TEST RECOMMENDED SYSTEM

In [24]:
input_hard_skills = "Java, Excel, Python"
input_soft_skills = "Communication, Teamwork"
input_major = "Economy"

recommended_jobs = recommend_jobs_for_input_skills(input_hard_skills, input_soft_skills, input_major, jobs, tfidf_vectorizer_skills, tfidf_vectorizer_majors, companies_skills_vec, companies_majors_vec)
print("Recommended Jobs based on input skills and major:")
print(recommended_jobs)

Recommended Jobs based on input skills and major:
['it jobs' 'sales' 'administration & office support']


Evaluating (PENDING)

In [19]:
def create_ground_truth(csv_file_path):
    data = pd.read_csv(csv_file_path)

    # Tạo dictionary `ground_truth`
    ground_truth = {}
    for index, row in data.iterrows():
        user_id = row['User ID']
        actual_major = row['candidate_field']
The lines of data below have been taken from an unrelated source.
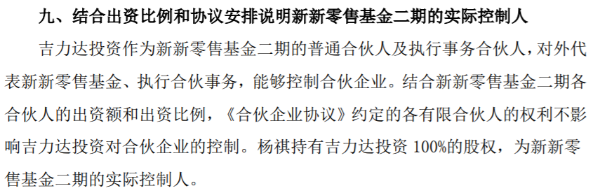 所以新新零售基金二期的控制人為海南吉力達,自然人楊祺持有海南吉力達100%股權,因此,楊祺為新新零售基金二期的實際控制人。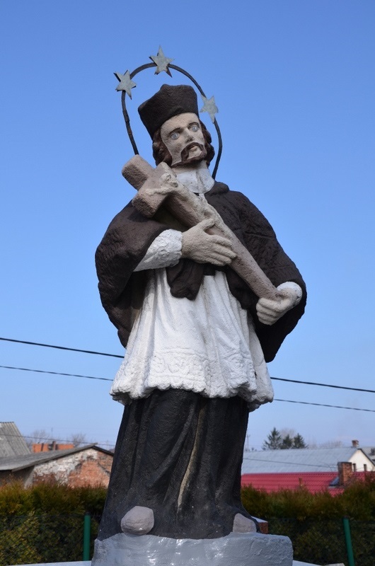 Pierwszą znajdziemy na cmentarzu przy kościele pw. św. Jana Chrzciciela. Kamienna postać świętego datowana na przełom XVIII i XIX wieku wieńczy prosty postument. Jan Nepomucen przedstawiony jest w tradycyjnym stroju z krzyżem trzymanym przy piersi i aureolą nad głową, w której pozostały trzy gwiazdy.
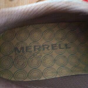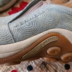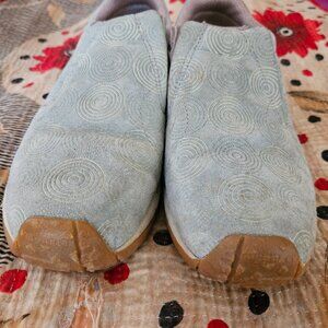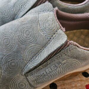 Very cute light blue suede slip-ons from Merrell. They have a repeating circular pattern pressed into the suede. Comfortable, good condition...lots of wear left. 8M but I think they run slightly large. Pet free, smoke free home.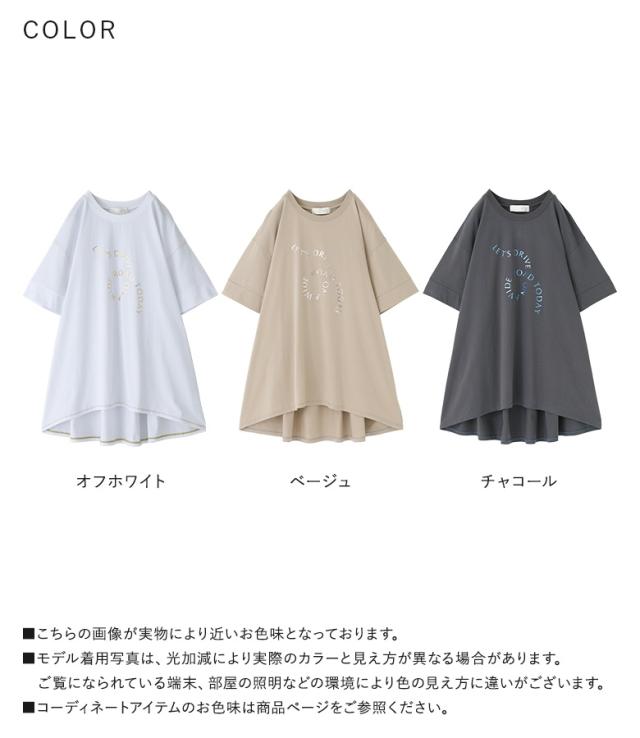 Tシャツ レディース トップス 半袖 箔 プリントT ロゴT フレア チュニック丈 折り返し袖 綿100% お尻が隠れる 春 夏 【TP】 カットソー プリントTシャツ チュニック プルオーバー クルーネック n'OrLABEL ノア—ルレーベル 大人女子 大人可愛い お洒落可愛い 大人カジュアル ベーシック ラフ オフィスカジュアル 上品 きれいめ ナチュラル ホワイト 白 オフホワイト ミディ丈 ミドル丈 ギャザー ロゴ 配色 無地 コットン100% シルケット加工 レイヤード 重ね着 おうちで洗える カジュアル シンプル モード キレカジ フェミニン ゆったり ゆる 楽ちん 二の腕カバー Sサイズ Mサイズ Lサイズ LLサイズ 3Lサイズ XLサイズ ぽっちゃり 体型カバー 大きいサイズ プラスサイズ 10代 20代 30代 40代 50代 60代 女子会 オフィス 通勤 通学 お買い物 お出掛け 旅行 リゾート レジャー おしゃれ お洒落 トレンド 流行 osharewalker オシャレウォーカー おしゃれうぉーかー ベージュ グレー 灰色 チャコールグレー チャコール[ID]12to03e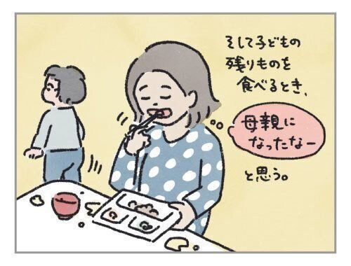 ・・・そして子どもの残り物を食べる時、「母親になったなー」と思います。小さいころ、自分の残したものを、いつも母親が食べていたなあと、ふと思い出すのです。

        # Thêm vào dictionary, giả sử mỗi ứng viên chỉ chọn một công việc
        ground_truth[user_id] = [actual_major]

    return ground_truth

# Sử dụng hàm trên để tạo `ground_truth`
csv_file_path = '1st_test.csv'
ground_truth = create_ground_truth(csv_file_path)

In [None]:
display(ground_truth)

In [40]:
def precision_at_k(recommendations, ground_truth, k=3):
    """
    Calculate the precision at k for recommendation system.

    Parameters:
    - recommendations (dict): Dictionary where keys are user IDs and values are lists of recommended majors.
    - ground_truth (dict): Dictionary where keys are user IDs and values are lists of truly suitable majors.
    - k (int): The number of top recommendations to consider for calculating precision.

    Returns:
    - float: The average precision at k for all users.
    """
    precision_scores = []

    for applicant, recommended_major in recommendations.items():
        if applicant in ground_truth:
            # Get top k recommendations
            top_k_recs = recommended_major[:k]
            # Calculate the number of relevant recommendations
            relevant_recs = sum(1 for major in top_k_recs if major in ground_truth[applicant])
            # Precision at k for this user
            precision = relevant_recs / k
            precision_scores.append(precision)

    # Average precision at k over all users
    average_precision = np.mean(precision_scores) if precision_scores else 0
    return average_precision

avg_precision = precision_at_k(recommendations, ground_truth)
print("Average Precision@3 with 18979 trains and 4745 tests:", avg_precision)

Average Precision@3 with 18979 trains and 4745 tests: 0.12764313312258516


In [41]:
def recall_at_k(recommendations, ground_truth, k=3):
    recall_scores = []

    for user_id, recommended_majors in recommendations.items():
        if user_id in ground_truth:
            # Get top k recommendations
            top_k_recs = recommended_majors[:k]
            # Calculate the number of relevant recommendations
            relevant_recs = sum(1 for major in top_k_recs if major in ground_truth[user_id])
            # Calculate the total number of relevant items
            total_relevant = len(ground_truth[user_id])
            # Recall at k for this user
            recall = relevant_recs / total_relevant if total_relevant else 0
            recall_scores.append(recall)

    # Average recall at k over all users
    average_recall = sum(recall_scores) / len(recall_scores) if recall_scores else 0
    return average_recall

# Example usage:
avg_recall = recall_at_k(recommendations, ground_truth)
print("Average Recall@3 with 18979 trains and 4745 tests:", avg_recall)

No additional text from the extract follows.